(Supplied information)

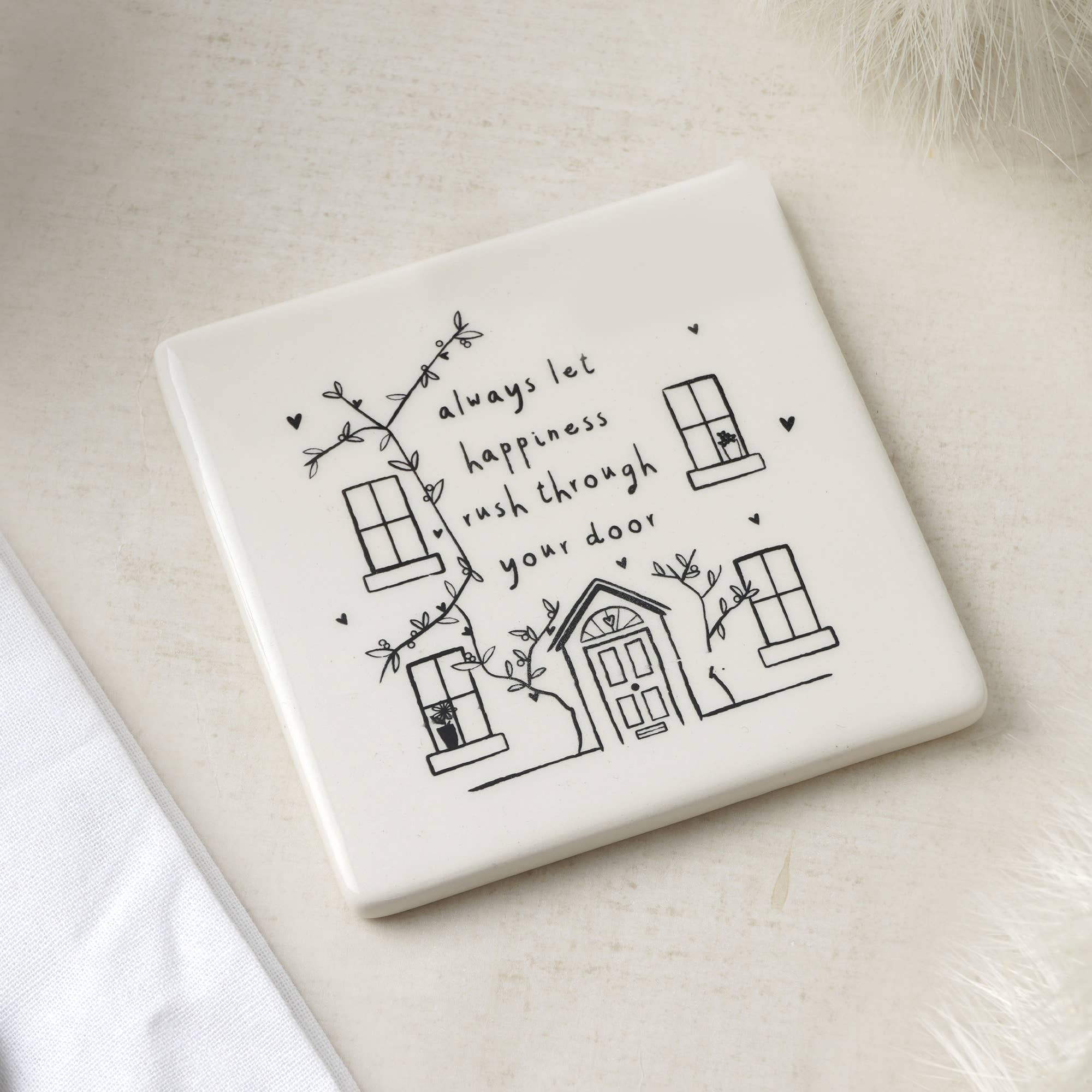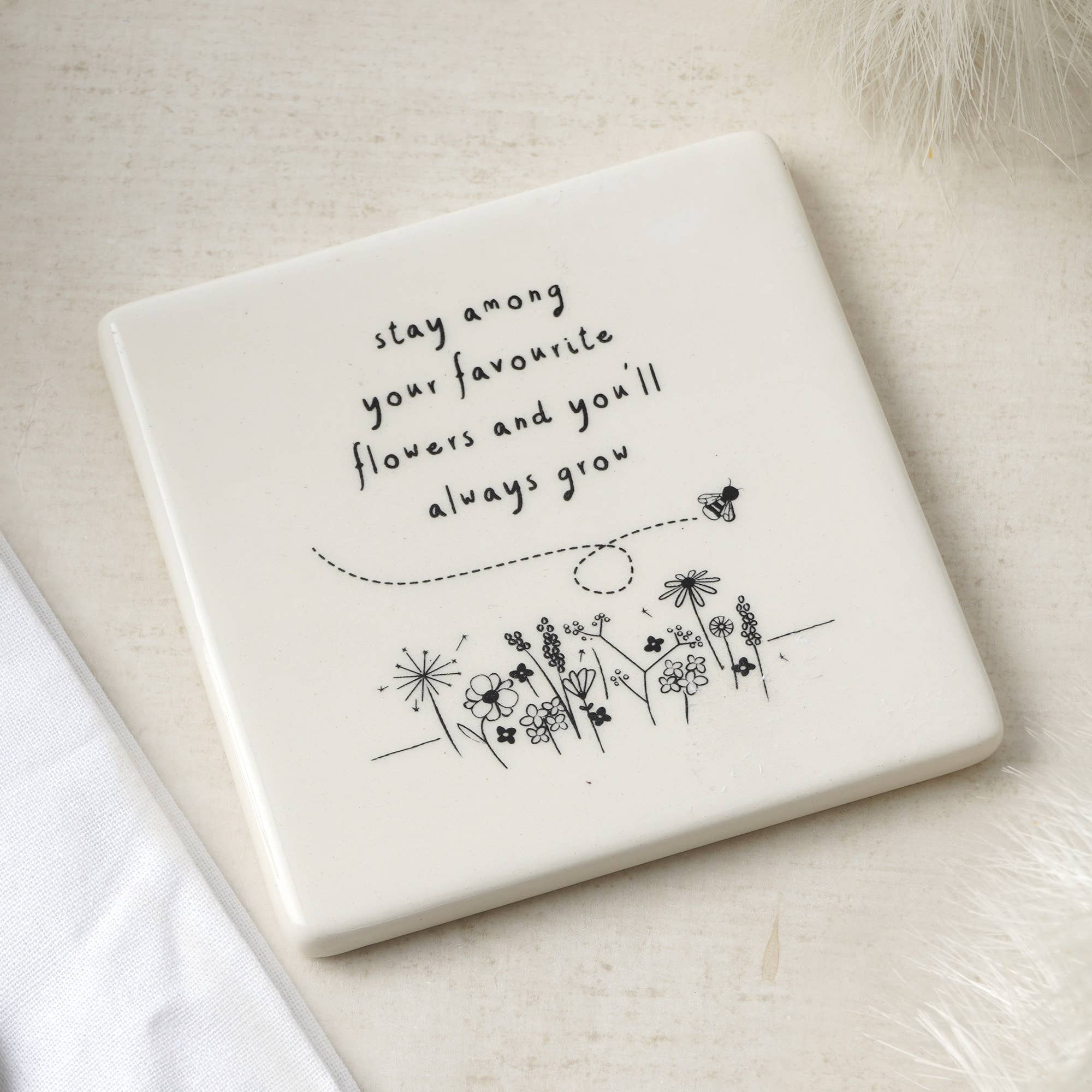 A Thoughtful Gift | This lovely individual ceramic coaster features a lovely stargazing hare illustration with its own individual slogan. The perfect gift to friends and family. The quote reads: 'The Stars Are Shining Just For You’ Protect Your Worktops and Furniture | Each coaster comes with 4 protective pads on the bottom to ensure your worktops and pieces of furniture are protected. Their size makes them the perfect choice for placing your cup of tea, coffee, juice or wine glass on top off. Durable and Easy Cleaning | Made from Ceramic they look great but they’re quality means any drips or marks are easy to wipe clean! Dimensions | Height: 10cm x Width: 10cm x Depth: 1cm Designed in Cornwall | From the Range Send with Love by CGB Giftware | Item No: GB06541
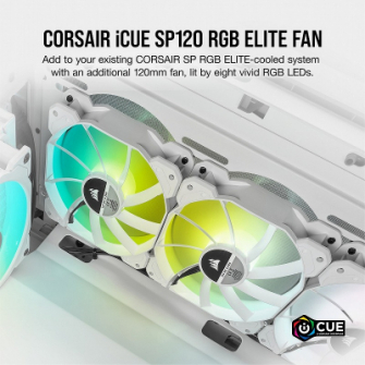 iCUE SP120 RGB ELITE Whiteは、アドレッサブルRGBを搭載した120mmサイズのRGB LEDファンのホワイトモデルです。ファン軸周囲に8個の高輝度LEDを搭載、ホワイトフレームと半透明ブレードが鮮やかなイルミネーションを演出します。ファンの回転数制御はもちろん、システムモニタリングと連動した同調ライティングを可能にするインテリジェントコントロールシステム iCUE対応、回転抵抗を低減させたハイドロリックベアリングにより優れた静音性を実現します。ファン1個の「SP120 RGB ELITE White」、ファン3個とLighting Node COREを同梱した「SP120 RGB ELITE White Triple Fan Kit」、用途で選べる2つのモデルをラインアップ。
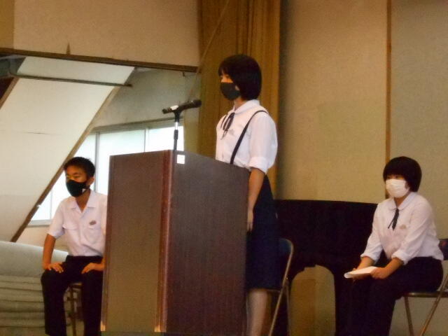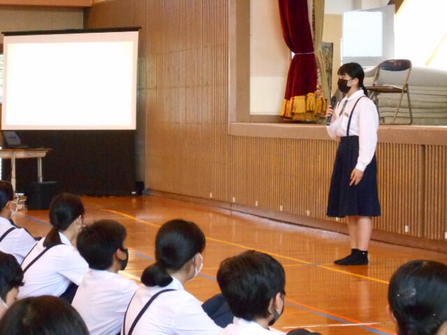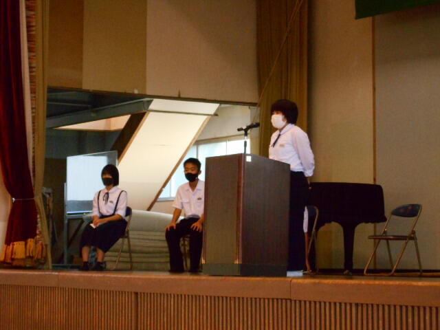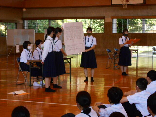 行いました。朝の学年集会では、3年生全員の前で発表しました。
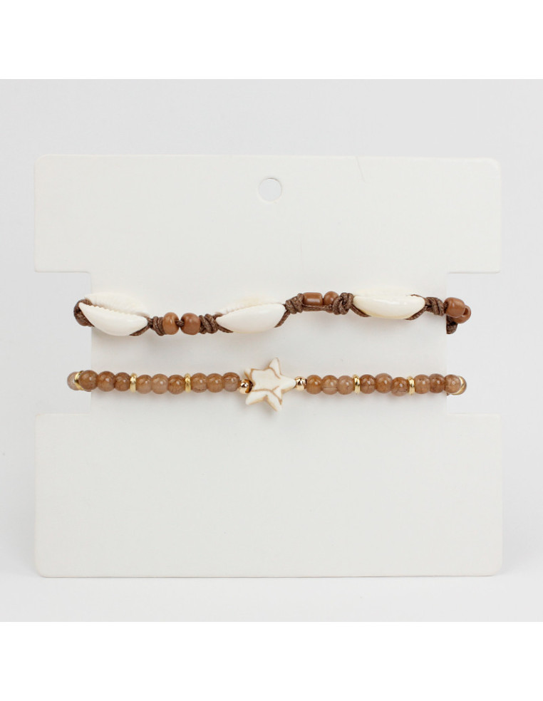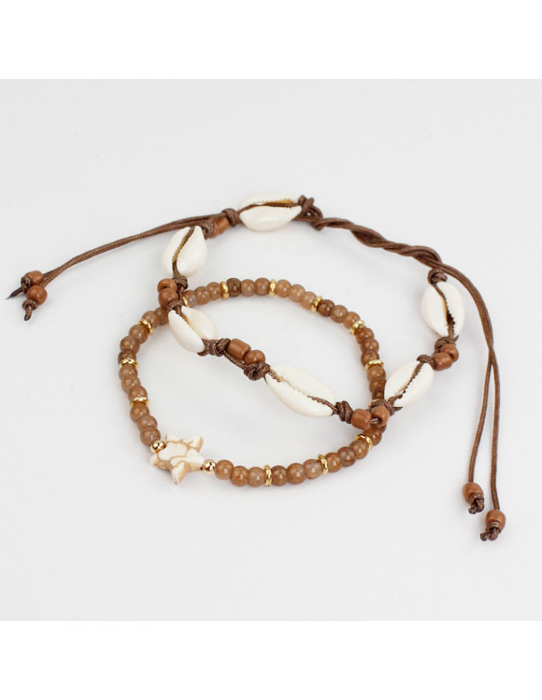 Set de dos pulseras, una elástica de bolitas de vidrio diferenciadas, combinadas con separadores de CCb y otra de hilo enhebradas con buxios natuales y mostacillas.

(End Supplied information)

> _What you have to do_
The data above must be copied exactly. Leave out the pictures.

> _Task solution_
 A Thoughtful Gift | This lovely individual ceramic coaster features a lovely stargazing hare illustration with its own individual slogan. The perfect gift to friends and family. The quote reads: 'The Stars Are Shining Just For You’ Protect Your Worktops and Furniture | Each coaster comes with 4 protective pads on the bottom to ensure your worktops and pieces of furniture are protected. Their size makes them the perfect choice for placing your cup of tea, coffee, juice or wine glass on top off. Durable and Easy Cleaning | Made from Ceramic they look great but they’re quality means any drips or marks are easy to wipe clean! Dimensions | Height: 10cm x Width: 10cm x Depth: 1cm Designed in Cornwall | From the Range Send with Love by CGB Giftware | Item No: GB06541
 iCUE SP120 RGB ELITE Whiteは、アドレッサブルRGBを搭載した120mmサイズのRGB LEDファンのホワイトモデルです。ファン軸周囲に8個の高輝度LEDを搭載、ホワイトフレームと半透明ブレードが鮮やかなイルミネーションを演出します。ファンの回転数制御はもちろん、システムモニタリングと連動した同調ライティングを可能にするインテリジェントコントロールシステム iCUE対応、回転抵抗を低減させたハイドロリックベアリングにより優れた静音性を実現します。ファン1個の「SP120 RGB ELITE White」、ファン3個とLighting Node COREを同梱した「SP120 RGB ELITE White Triple Fan Kit」、用途で選べる2つのモデルをラインアップ。
 行いました。朝の学年集会では、3年生全員の前で発表しました。
 Set de dos pulseras, una elástica de bolitas de vidrio diferenciadas, combinadas con separadores de CCb y otra de hilo enhebradas con buxios natuales y mostacillas.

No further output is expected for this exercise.